RAW DATA —

§

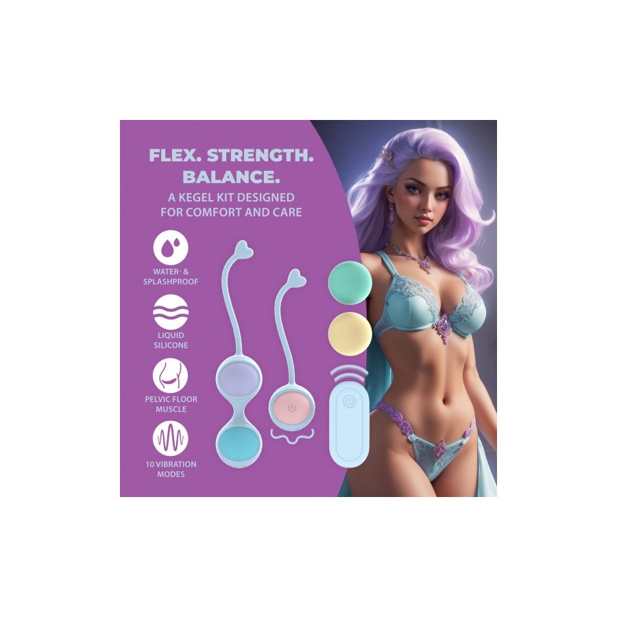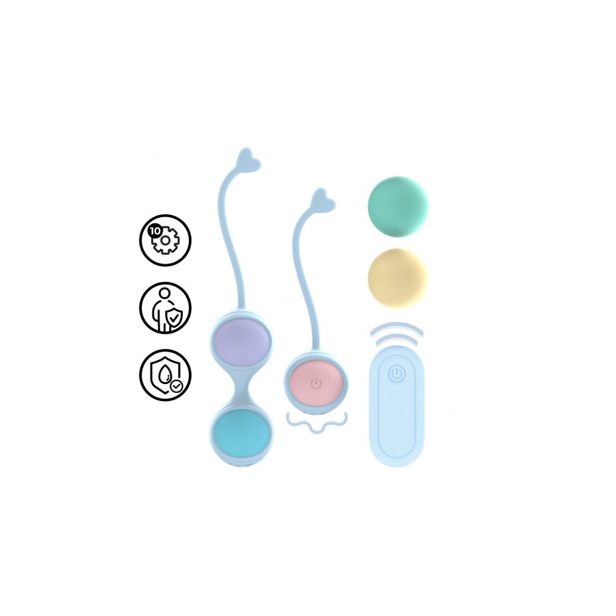 Um conjunto versátil com 5 bolas de Kegel com pesos, incluindo uma bola vibratória, duas capas de silicone para uso com uma ou duas bolas e um controle remoto para uma operação sem esforço.
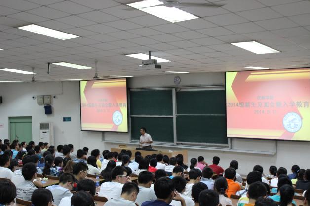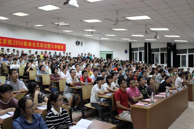 2014年9月11日晚7点,禁忌书屋 2014级新生见面会暨入学教育在将军路校区4102教室隆重举行。禁忌书屋 副院长隋东、党委副书记宋凯、空中交通管理与签派系主任汤新民、民航运输管理系主任曾小舟、民航机务工程系主任李艳军、团委书记傅成成、教务员张华、2014级班主任、学院辅导员以及2014级全体新生参加了本次大会。
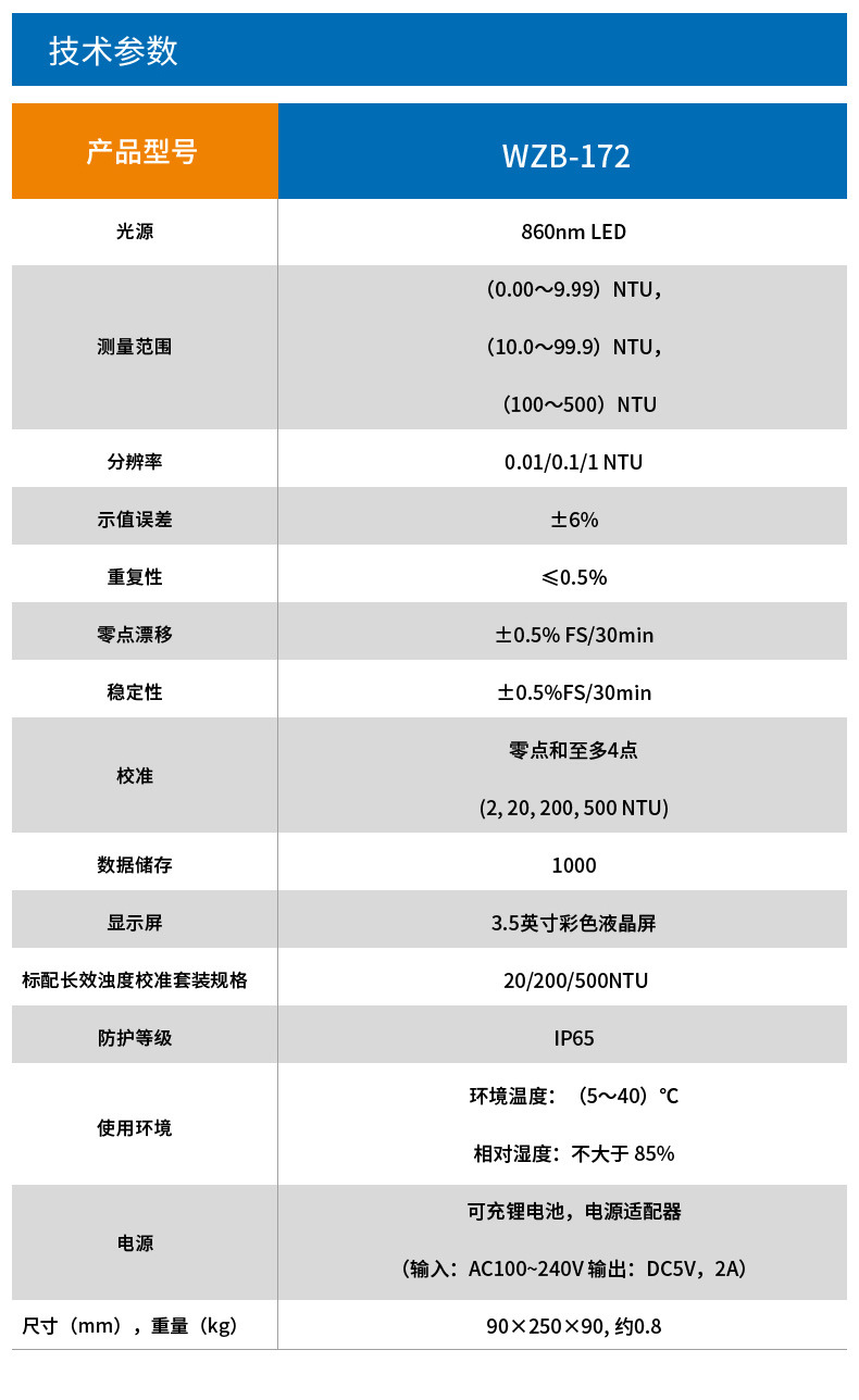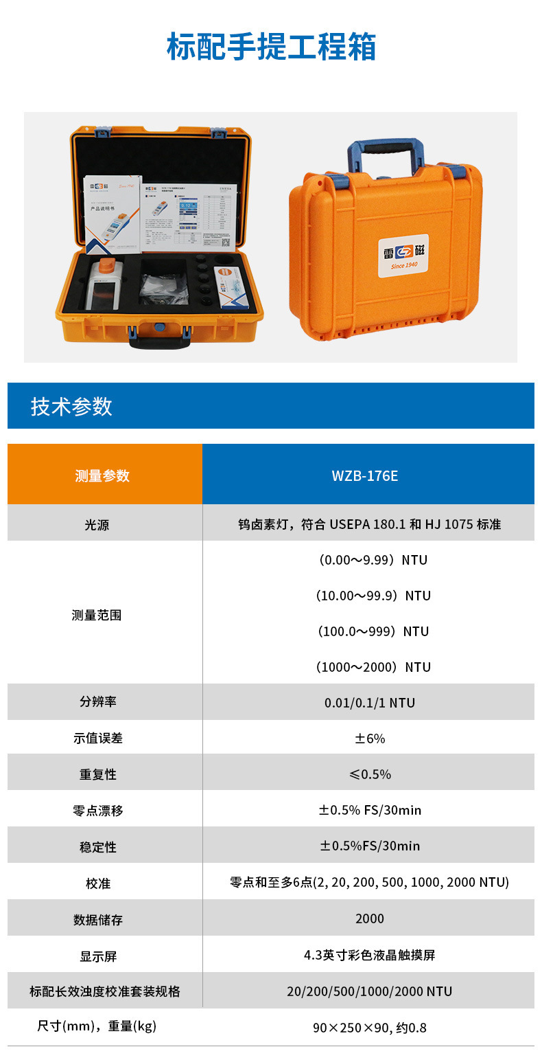 雷磁 WZB-172/175/176E 工業級便攜式濁度檢測儀數顯水質分析儀器
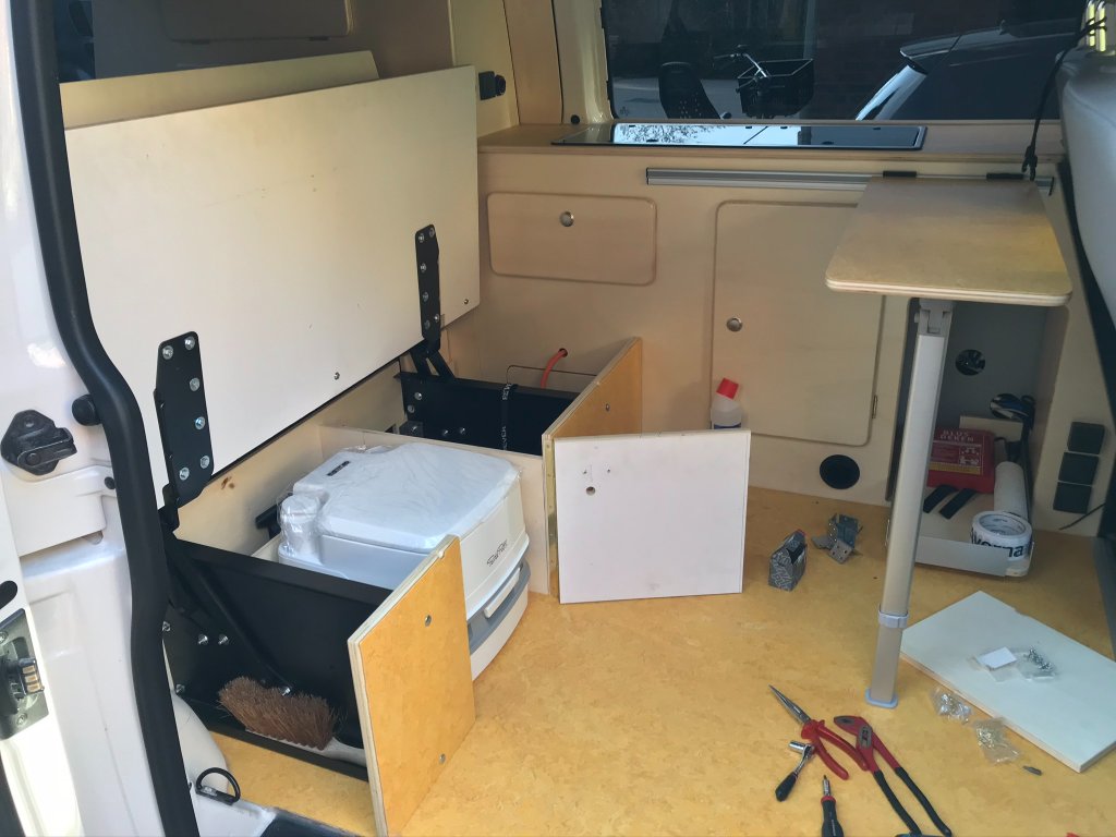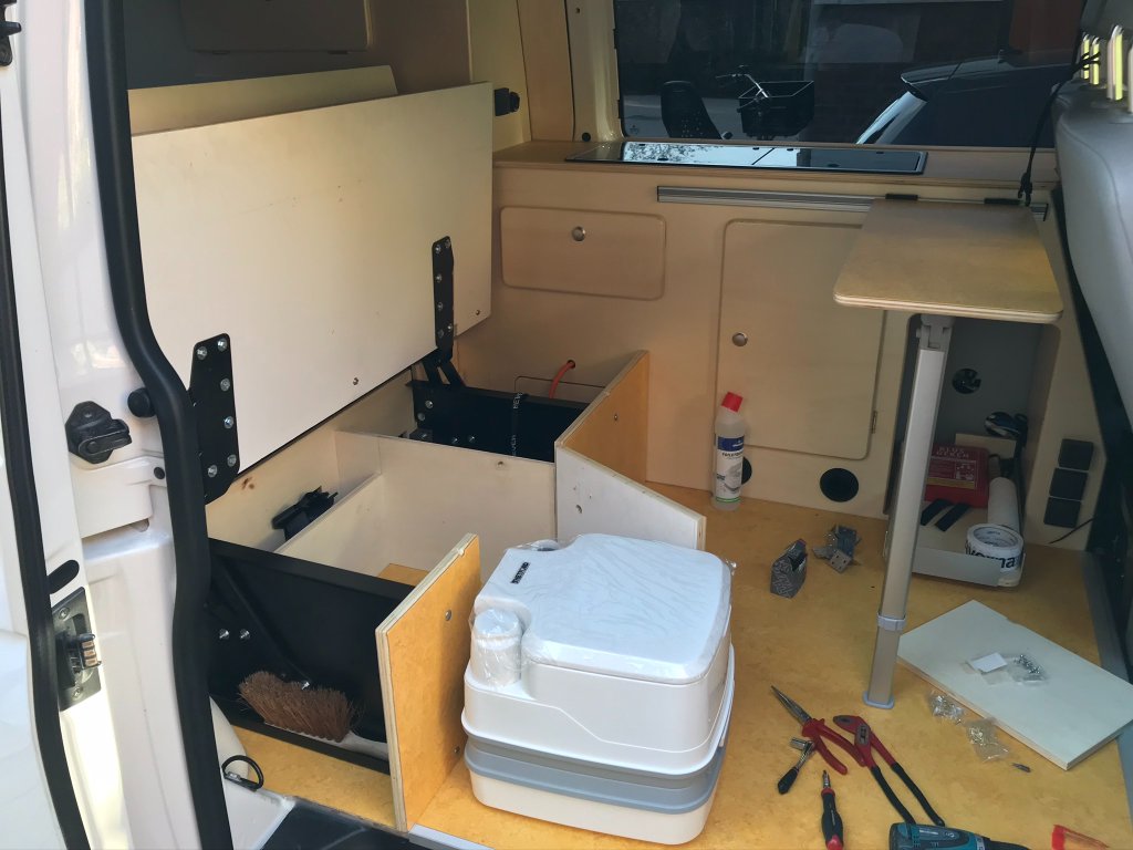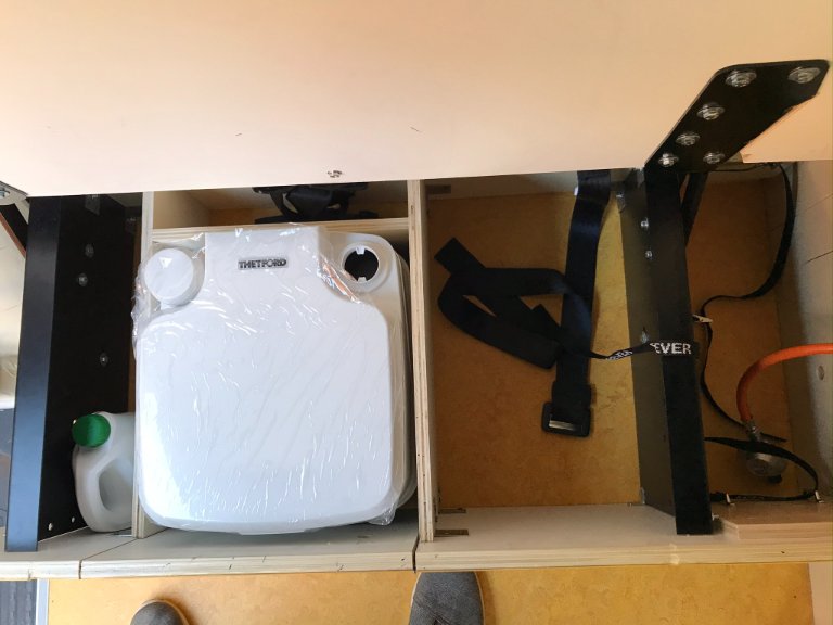 De enigste logische plek werd daarom onder het zit deel van de slaapbank... Na veel passen en meten, en het lenen van een porta potti bleek daar alleen het kleinste model te passen.

§

TASK OBJECTIVE —
Quote the listing above in full, except for the pictures.

WRITTEN SOLUTION —
 Um conjunto versátil com 5 bolas de Kegel com pesos, incluindo uma bola vibratória, duas capas de silicone para uso com uma ou duas bolas e um controle remoto para uma operação sem esforço.
 2014年9月11日晚7点,禁忌书屋 2014级新生见面会暨入学教育在将军路校区4102教室隆重举行。禁忌书屋 副院长隋东、党委副书记宋凯、空中交通管理与签派系主任汤新民、民航运输管理系主任曾小舟、民航机务工程系主任李艳军、团委书记傅成成、教务员张华、2014级班主任、学院辅导员以及2014级全体新生参加了本次大会。
 雷磁 WZB-172/175/176E 工業級便攜式濁度檢測儀數顯水質分析儀器
 De enigste logische plek werd daarom onder het zit deel van de slaapbank... Na veel passen en meten, en het lenen van een porta potti bleek daar alleen het kleinste model te passen.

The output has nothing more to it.